Community bakes for Purim

Elena and Ben Davis prepare to make hamantaschen.
Photo by Adam Reinherz
Elena and Ben Davis prepare to make hamantaschen. Photo by Adam Reinherz

Amazingly, the jelly-filled hamantaschen might not have been the sweetest part of Sunday’s communal pre-Purim baking event. Surrounded by crafts, games, jugglers and other performers, children and families from across Pittsburgh gathered at Congregation Beth Shalom in Squirrel Hill last week to partake in the Kids’ Mega Hamantash event.

The goal is to “bring children from all parts of the Jewish community together for an afternoon of joy and unity,” said Chani Altein, of Chabad of Pittsburgh.

From the sounds, sights and smells emanating from the pre-Purim affair, that mission was clearly accomplished.

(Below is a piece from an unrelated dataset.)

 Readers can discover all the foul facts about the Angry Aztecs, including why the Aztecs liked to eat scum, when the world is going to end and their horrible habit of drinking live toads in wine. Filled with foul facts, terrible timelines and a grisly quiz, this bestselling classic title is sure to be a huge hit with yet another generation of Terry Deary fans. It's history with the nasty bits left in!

Before a mixing bowl was even noticed, the nearly 300 participants partook in a joint sing-along led by Rabbi Oren Levy of Hillel Academy of Pittsburgh. Midway through a slower number, Levy asked the student singers where they study. The query promoted school pride, as representatives clapped loudly and shouted out the names of their institutions: The Ellis School, Winchester Thurston Academy, Hillel Academy of Pittsburgh, Yeshiva Schools, Community Day School, Falk Laboratory School, Environmental Charter School, Colfax and Shady Side Academy.

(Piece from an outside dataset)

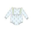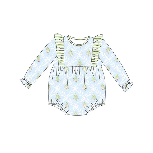 Light blue Christmas tree baby girls Christmas romper - 0-3M is backordered and will ship as soon as it is back in stock.

Part of what makes the event great is that there are students from so many of the local schools, said Lauren Baldel, a volunteer who helped set up the Shushan Palace, a 10-foot-high temporary dwelling located immediately outside of the congregation’s social hall.

The makeshift castle, which was supposed to represent the home of King Achashverosh (the ruler in the biblical Purim story), was large enough to fit nearly 30 people comfortably and included such details as a Persian rug to stand or sit on, goblets for drinking and fake grapes to admire. “That palace is impressive for the creativity and level of effort that it required. Clearly a small army spent a lot of time putting this together,” said Adam Pollak, of Squirrel Hill, after observing the temporary chateau. But apart from songs and symbolic residences, the March 5 function was about sharing joy with others, said Altein. In addition to making hamantaschen for personal consumption, participants donated 250 of the jelly-filled treats to the Jewish Relief Agency.

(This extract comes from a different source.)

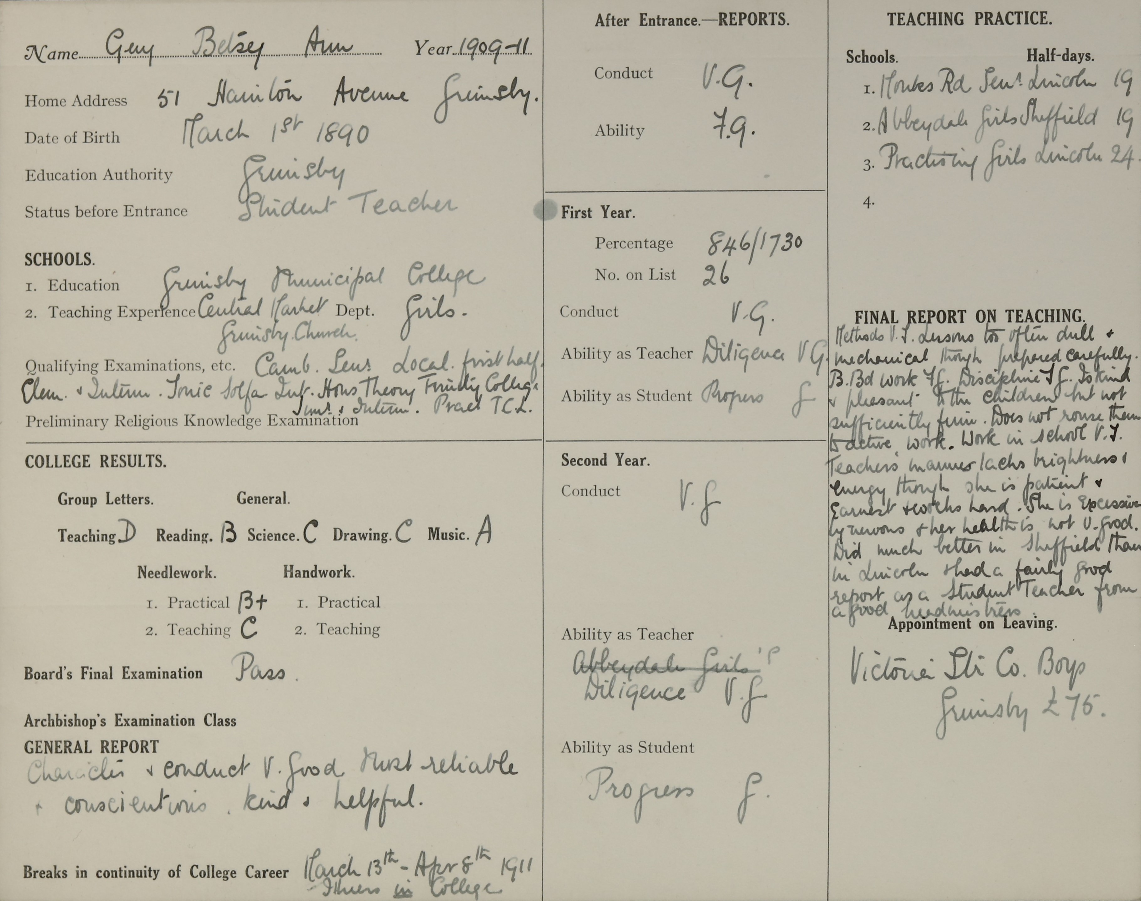 She is at Clifton Station Road, North Thoresby. Ruth Goulding (b. 1869) is listed as a widow and ‘Private Means’. Betsy is listed as ‘School Teacher’.

Because so much emphasis is placed on benefiting children and supporting the community, “I always help out,” said Chantal Belman, one of 25 adult volunteers. “It’s good to help your community when it needs it,” echoed Maya Davis, one of 75 teen volunteers.

Included throughout the two-hour party were ample educational opportunities. Part of the program’s purpose was to “learn the various mitzvos about Purim,” said Rabbi Yisrael Altein, of Chabad of Pittsburgh. Promoting that particular objective was a whimsical puppet-led video. Broadcast on a large screen within the social hall, a spirited cloth creation explained that there are “four special mitzvot of Purim.” Those commandments include: to hear the entire story from the Megillah twice, once at night and once during the day; to give money or food to poor people; to give gifts of food to friends; and to eat a festive meal. Incorporating educational and social offerings facilitated the program’s success on so many levels, said Elena Davis, of Squirrel Hill. “We know that Chani Altein’s events are always great and well-organized, and we liked that it was for the whole family.”

Also praising the event was Carolyn Slayton, a Shalom Pittsburgh associate. “This is just an awesome event before Purim that brings the entire community together,” she said.

Camp Gan Israel Fox Chapel, Community Day School, G2G, Hillel Academy of Pittsburgh, the Jewish Community Center of Greater Pittsburgh, PJ Library and Yeshiva Schools joined Shalom Pittsburgh in partnering on the event.

Added Slayton, “It’s just a ton of fun.”